Recognising spiritual reality helps us grow

Graphic by Steve Johnson on Unsplash

In past eras, people had the mindset whereby they were not masters but participants in the world, that there were more dimensions to the world than the mere material that they could touch and see and exploit. Their understanding of reality was far broader than that within modern "advanced" mentality. This is just one more example of how humankind can lose the thread over time, so that the garment of civilisation falls apart. This has been seen in the collapse of the Roman empire and the ensuing Dark Ages, with the devastating wars after the Reformation, in Marxist states, and in the stultifying impact of Wokeism.

In brief, the worldview of people past and present had and has significance as to the nature of the human person and how we should live.

In a recent post on his Dreher's Diary blog (paywalled), author and cultural observer Rod Dreher delves into value of  worldview that incorporates enchantment, by which he means the world is  "charged with spiritual force and pregnant with ultimate meaning—because of the Incarnation". 

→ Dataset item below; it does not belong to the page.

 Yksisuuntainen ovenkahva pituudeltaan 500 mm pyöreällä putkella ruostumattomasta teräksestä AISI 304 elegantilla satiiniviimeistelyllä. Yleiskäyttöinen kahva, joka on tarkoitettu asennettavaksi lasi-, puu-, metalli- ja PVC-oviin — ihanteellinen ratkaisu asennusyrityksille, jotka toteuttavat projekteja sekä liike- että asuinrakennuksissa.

He quotes theologian Hans Boersma, who cites the state of mind of the Church fathers and medieval theologians:

The supernatural was not a distinct or separate realm of being that superimposed itself onto an independent and autonomous realm of nature. Instead, the supernatural was simply the divine means to bring created realities of time and space to their appointed end in Christ. Therefore, created realities participated in the heavenly mystery of Christ as their sacramental reality. Access to truth means sacramental participation in the unfathomable mystery of Christ.

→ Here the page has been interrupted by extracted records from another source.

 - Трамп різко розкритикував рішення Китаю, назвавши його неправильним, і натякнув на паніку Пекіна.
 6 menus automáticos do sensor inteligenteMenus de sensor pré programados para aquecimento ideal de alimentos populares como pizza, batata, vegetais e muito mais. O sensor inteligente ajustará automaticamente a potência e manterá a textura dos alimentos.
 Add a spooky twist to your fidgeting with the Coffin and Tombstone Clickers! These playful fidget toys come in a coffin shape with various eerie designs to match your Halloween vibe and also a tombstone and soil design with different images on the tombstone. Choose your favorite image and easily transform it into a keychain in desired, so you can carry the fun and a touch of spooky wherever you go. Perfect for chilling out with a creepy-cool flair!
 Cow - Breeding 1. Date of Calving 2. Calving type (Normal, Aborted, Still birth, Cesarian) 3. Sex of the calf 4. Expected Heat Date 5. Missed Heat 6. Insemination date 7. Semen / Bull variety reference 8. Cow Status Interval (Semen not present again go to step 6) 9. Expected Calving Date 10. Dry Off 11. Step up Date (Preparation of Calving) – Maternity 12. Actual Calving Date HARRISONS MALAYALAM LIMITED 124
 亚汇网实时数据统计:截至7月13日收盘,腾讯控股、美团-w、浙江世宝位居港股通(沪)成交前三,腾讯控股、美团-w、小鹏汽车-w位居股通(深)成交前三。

Unlike today, it was a matter of participating in the truth, which meant "to be mastered by it rather than mastering it". That way of living with truth involves being open to the experience of "enchantment".

How the world is “enchanted”, that is, "charged with spiritual force and [...] meaning", is explored in Boersma's book, Heavenly Participation: The Weaving Of A Sacramental Tapestry (2011). 

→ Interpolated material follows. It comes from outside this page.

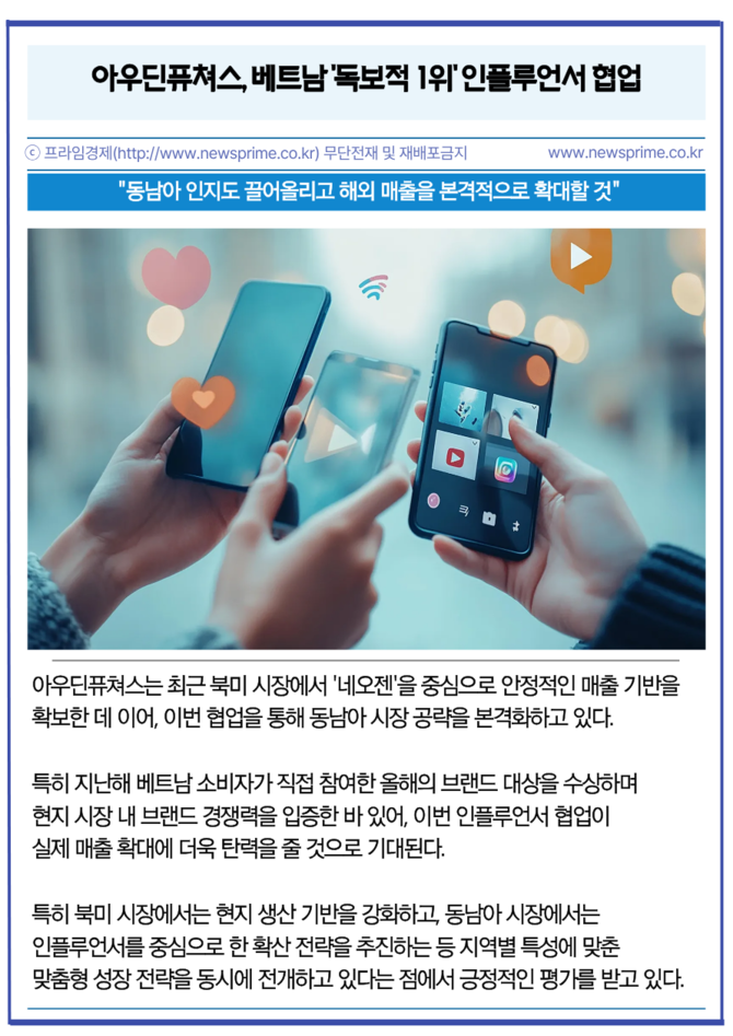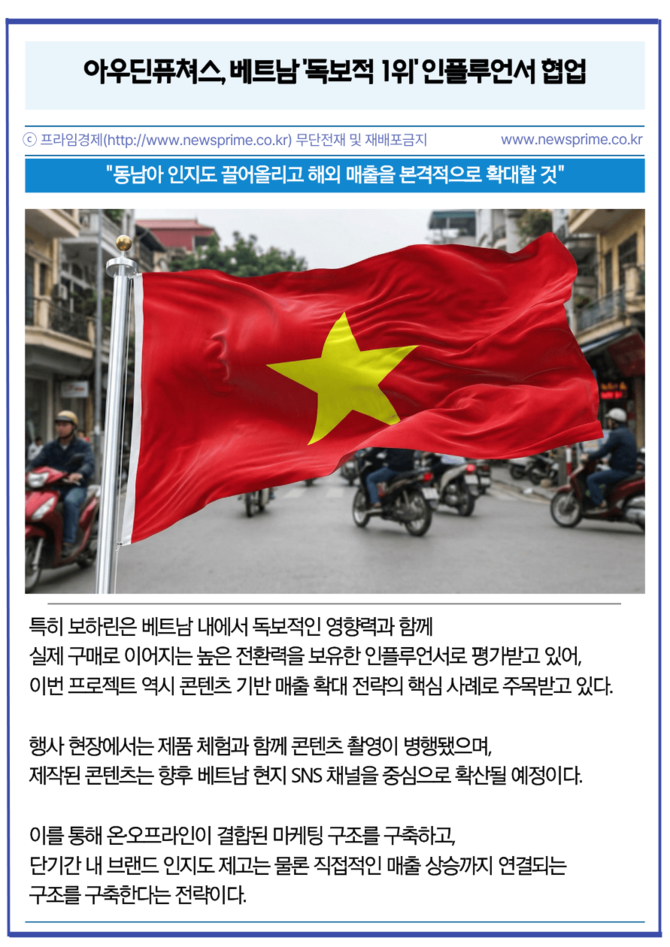 특히 보하린은 베트남 내에서 독보적인 영향력과 함께 실제 구매로 이어지는 높은 전환력을 보유한 인플루언서로 평가받고 있어, 이번 프로젝트 역시 콘텐츠 기반 매출 확대 전략의 핵심 사례로 주목받고 있다.

To pick up on that term, an appreciation of sacramental reality can transform a person's life through the acceptance that God is invisible but can communicate with humans through everything He has enabled in and through us, e.g. food, music, work, family life, friendship, the natural world, our intellectual endeavours.

"Sacramental or Scientistic?" is the title of an article on a website of a Catholic university. The article features some thoughts of the wise on what we call enchantment, which is to be distinguished from pantheism

Richard Wagamese (1955–2017) is a beloved writer from Wabaseemoong First Nation (in current-day Canada). His life was transformed by returning to his Ojibwe family and culture after being separated from them for most of his young life. In his final book Embers, he shares meditations, reflections, and prayers that came to him during times of ritual and morning silence. He writes:

Remember. Remember that Creator is the wind on my face, the rain in my hair, the sun that warms me. Creator is the trees, rocks, grasses, the majesty of the sky and the intense mystery of the universe. Creator is the infant who giggles at me in the grocery line, the beggar who reminds me how rich I really am, the idea that fires my most brilliant moment, the feeling that fuels my most loving act and the part of me that yearns for that feeling again and again. Whatever ceremony, ritual, meditation, song, thought or action it takes to reconnect to that feeling is what I need to do today. . . Remember.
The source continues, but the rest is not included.